Kerslake also criticised IPSO’s reaction to his report, saying that in contrast to Manchester Fire and Rescue Service and Vodafone each quickly offering apologies on the issues raised, “the response from IPSO and other representative organisations to our findings was very disappointing”.
IPSO announced its response today, in which it pledged to work with the Society of Editors and other organisations to hold a cross media round table meeting about the issues raised in Kerslake’s report.
It also said that some of the incidents described would constitute “grave breaches” of its standards code, but that it was “challenging to provide a rigorous investigative response” because no publications involved have been identified.
IPSO said it would develop a major incident plan that is automatically triggered after any event leading to mass casualties, produce new guidelines for editors and the public based on the current Editors’ Code covering reporting on major incidents, and provide more newsroom training and resources.
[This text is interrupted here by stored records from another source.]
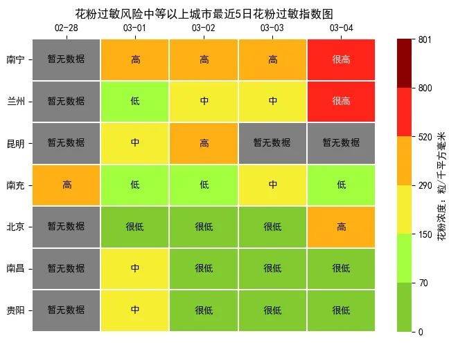 南宁, 兰州, 昆明, 南充, 北京, 南昌, 贵阳, 共有 7 个城市最近5日曾经花粉浓度过敏风险中等以上,请持续注意防护!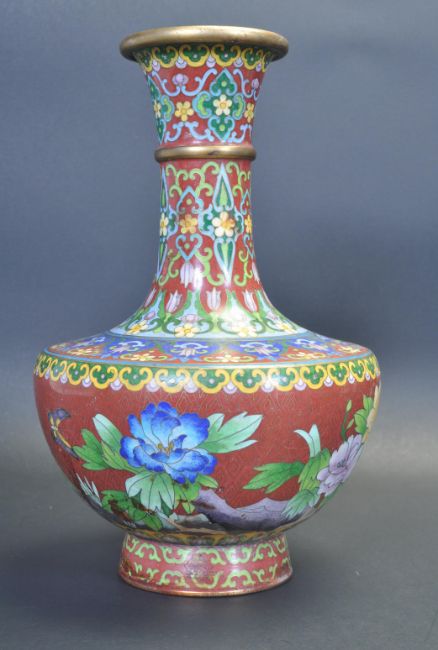 A mid 20th century cloisonné vase having a flared lip with a compressed baluster form raised on a circular base. Measures 27cm high.
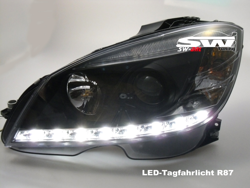 SW-DRL Scheinwerfer für Mercedes C-Klasse W204 07-11 LED Tagfahrlicht R87 black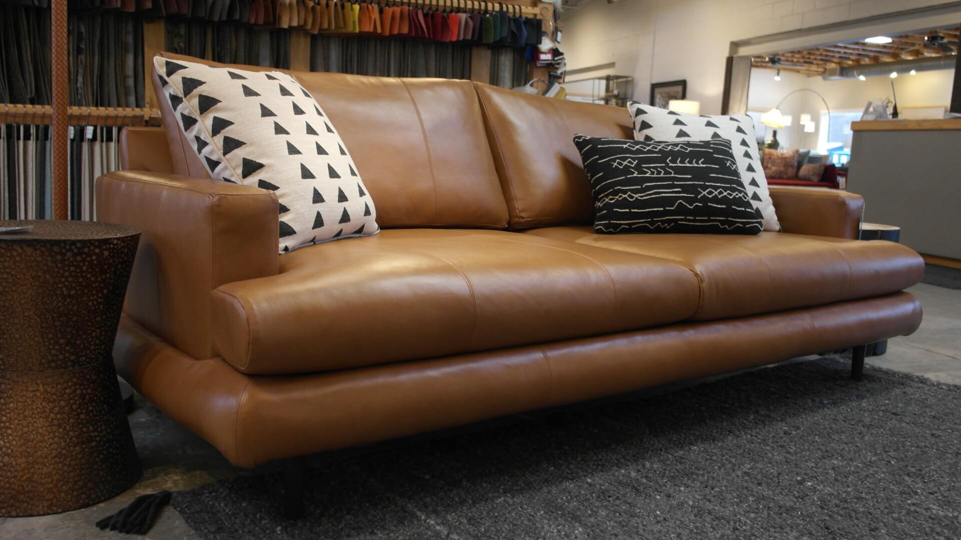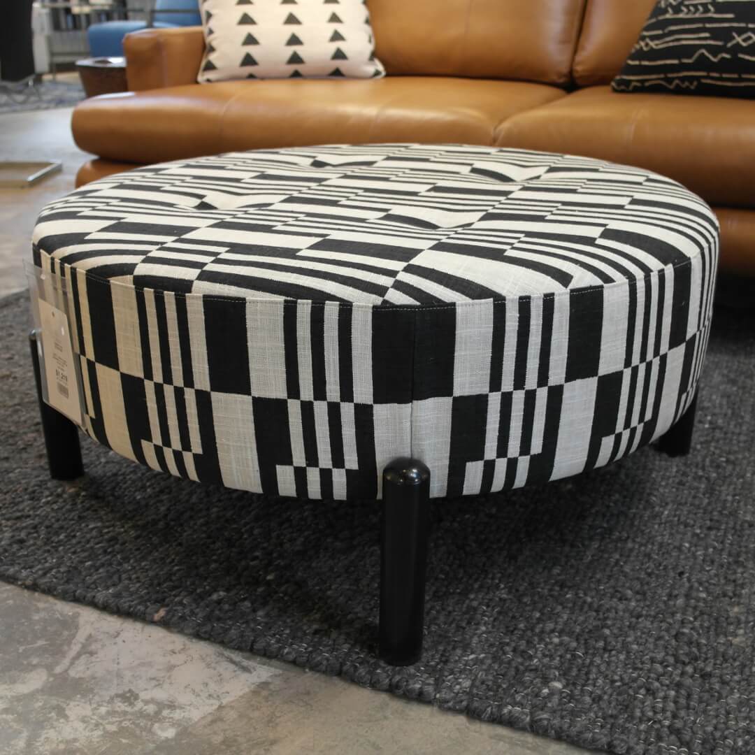 Black and white. You can count on black and white for a dramatic style statement. We’ve varied the theme just a bit here by covering the Somerset sofa in a rich, carmel leather. Wow! We’ve brought the new Nelson large ottoman in a wonderful black and white geometric fabric and black finish. The equally stunning Gracie channel chair with walnut frame is in a black woven fabric. Love how this group turned out!

It will work with the National Council for the Training of Journalists to address the points raised in future journalism training, and with police bodies to ensure family liaison officers know how IPSO can help with potential press intrusion.
IPSO chair Sir Alan Moses said: “IPSO takes press harassment and breaches of privacy very seriously and I was extremely concerned to read the accounts of some of the families in the report.
“We are keen to investigate these cases if we can and I have written to Lord Kerslake asking if he has any information that would enable us to identify the media outlets concerned.
“Our action plan demonstrates the further steps we will take to protect families in this kind of situation in future.”